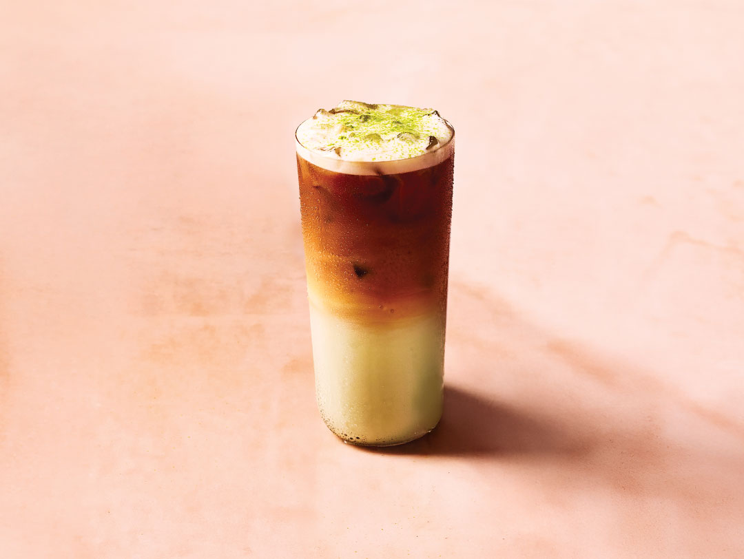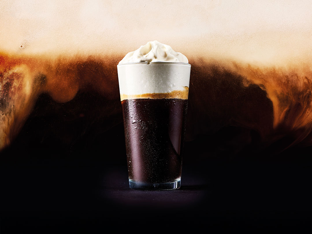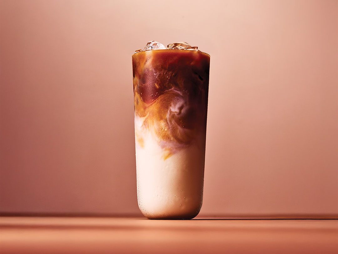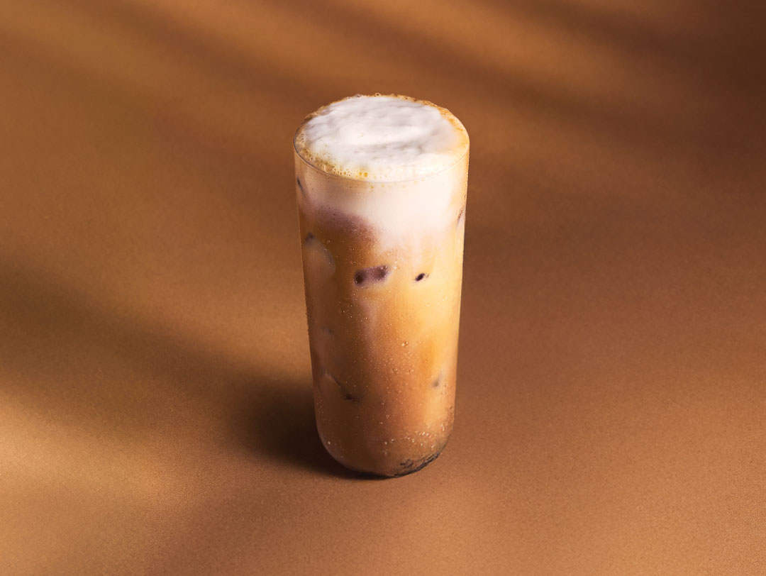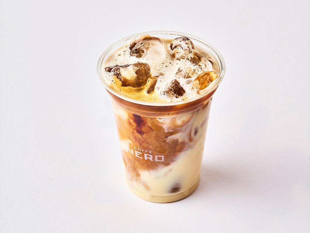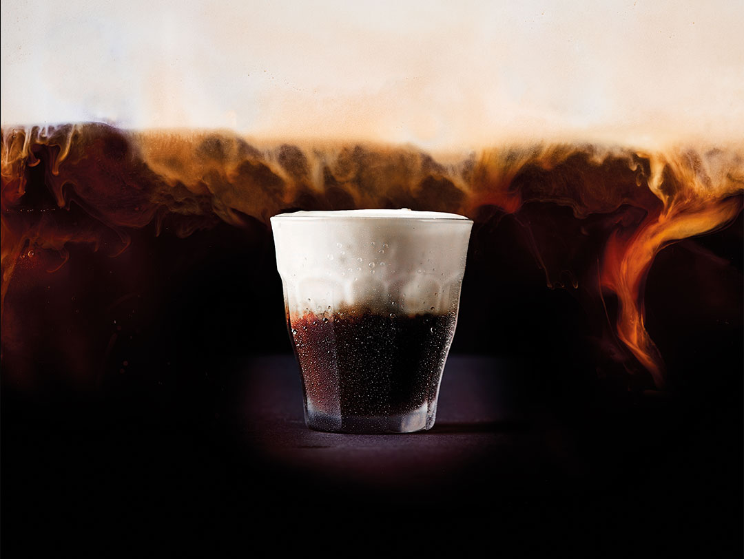 Buzlu sütün üzerine dökülen köpüklü Nero Classico espresso
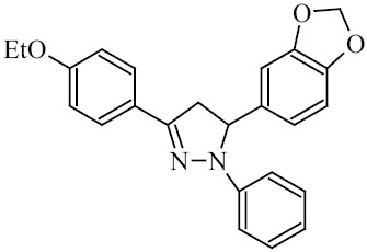 5-(1,3-Бензодиоксол-5-ил)-3-(4-этоксифенил)-1-фенил-4,5-дигидро-1Н-пиразол (10). Выход 80%, т. пл. 138–139оС. ИК-спектр, ν, см–1: 1596 (C=N). Спектр ЯМР 1H, δ, м. д.: 1.42 т (3H, CH3, J 7.0 Гц), 3.03 д. д (1H, CH2, J 17.1, 7.0 Гц), 3.81 д. д (1H, CH2, J 17.1, 12.1 Гц), 4.05 к (2H, ОCH2, J 7.0 Гц), 5.19 д. д (1H, CH, J 12.1, 7.0 Гц), 5.93 c (2H, ОCH2О), 6.64–6.70 м (1H, C6H5), 6.72–6.81 м (3Н, C6H3), 6.83–6.88 м (2Н, C6H4ОEt), 6.94–6.99 м (2Н, C6H5), 7.05–7.12 м (2Н, C6H5), 7.58–7.63 м (2H, C6H4ОEt). Cпектр ЯМР 13С, δС, м. д.: 14.2 (CH3), 43.2 (CH2), 62.6 (CH), 63.2 (ОCH2), 100.4 (ОCH2О), 105.6 (CH), 107.9 (CH), 112.6 (2CH), 113.8 (2CH), 117.9 (CH), 118.5 (CH), 124.7, 126.6 (2CH), 128.0 (2CH), 136.3, 144.4, 146.0, 146.3, 147.7, 158.8. Найдено, %: С 74.64; Н 5.68; N 7.31. C24H22N2O3. Вычислено, %: С 74.59; Н 5.74; N 7.25.
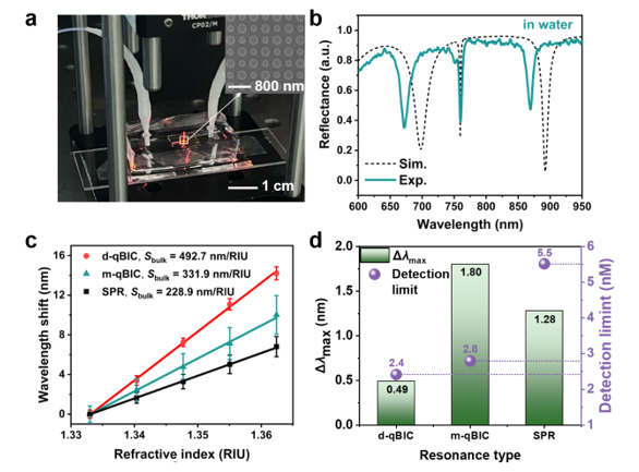 图3a展示了集成混合型超表面的PDMS微流控芯片,图3b-d展示了对混合型超表面的光谱测试、体折射率灵敏度测试和生物素-链霉亲和素特异性传感实验。实验结果显示,在正入射和液体环境下,由光子特征主导的d-qBIC模式实现了412的高Q因子和优越的传感性能,其中体折射率灵敏度为492.7 nm/RIU,FOM为266.3 RIU–1;由等离激元特征主导的m-qBIC模式在检测链霉亲和素时实现了1.8 nm的共振偏移量,展现出更强的表面亲和力。

TRY IT =>
Write the listing again exactly, duplicating every line and skipping the pictures.

WRITTEN RESPONSE =>
 Buzlu sütün üzerine dökülen köpüklü Nero Classico espresso
 5-(1,3-Бензодиоксол-5-ил)-3-(4-этоксифенил)-1-фенил-4,5-дигидро-1Н-пиразол (10). Выход 80%, т. пл. 138–139оС. ИК-спектр, ν, см–1: 1596 (C=N). Спектр ЯМР 1H, δ, м. д.: 1.42 т (3H, CH3, J 7.0 Гц), 3.03 д. д (1H, CH2, J 17.1, 7.0 Гц), 3.81 д. д (1H, CH2, J 17.1, 12.1 Гц), 4.05 к (2H, ОCH2, J 7.0 Гц), 5.19 д. д (1H, CH, J 12.1, 7.0 Гц), 5.93 c (2H, ОCH2О), 6.64–6.70 м (1H, C6H5), 6.72–6.81 м (3Н, C6H3), 6.83–6.88 м (2Н, C6H4ОEt), 6.94–6.99 м (2Н, C6H5), 7.05–7.12 м (2Н, C6H5), 7.58–7.63 м (2H, C6H4ОEt). Cпектр ЯМР 13С, δС, м. д.: 14.2 (CH3), 43.2 (CH2), 62.6 (CH), 63.2 (ОCH2), 100.4 (ОCH2О), 105.6 (CH), 107.9 (CH), 112.6 (2CH), 113.8 (2CH), 117.9 (CH), 118.5 (CH), 124.7, 126.6 (2CH), 128.0 (2CH), 136.3, 144.4, 146.0, 146.3, 147.7, 158.8. Найдено, %: С 74.64; Н 5.68; N 7.31. C24H22N2O3. Вычислено, %: С 74.59; Н 5.74; N 7.25.
 图3a展示了集成混合型超表面的PDMS微流控芯片,图3b-d展示了对混合型超表面的光谱测试、体折射率灵敏度测试和生物素-链霉亲和素特异性传感实验。实验结果显示,在正入射和液体环境下,由光子特征主导的d-qBIC模式实现了412的高Q因子和优越的传感性能,其中体折射率灵敏度为492.7 nm/RIU,FOM为266.3 RIU–1;由等离激元特征主导的m-qBIC模式在检测链霉亲和素时实现了1.8 nm的共振偏移量,展现出更强的表面亲和力。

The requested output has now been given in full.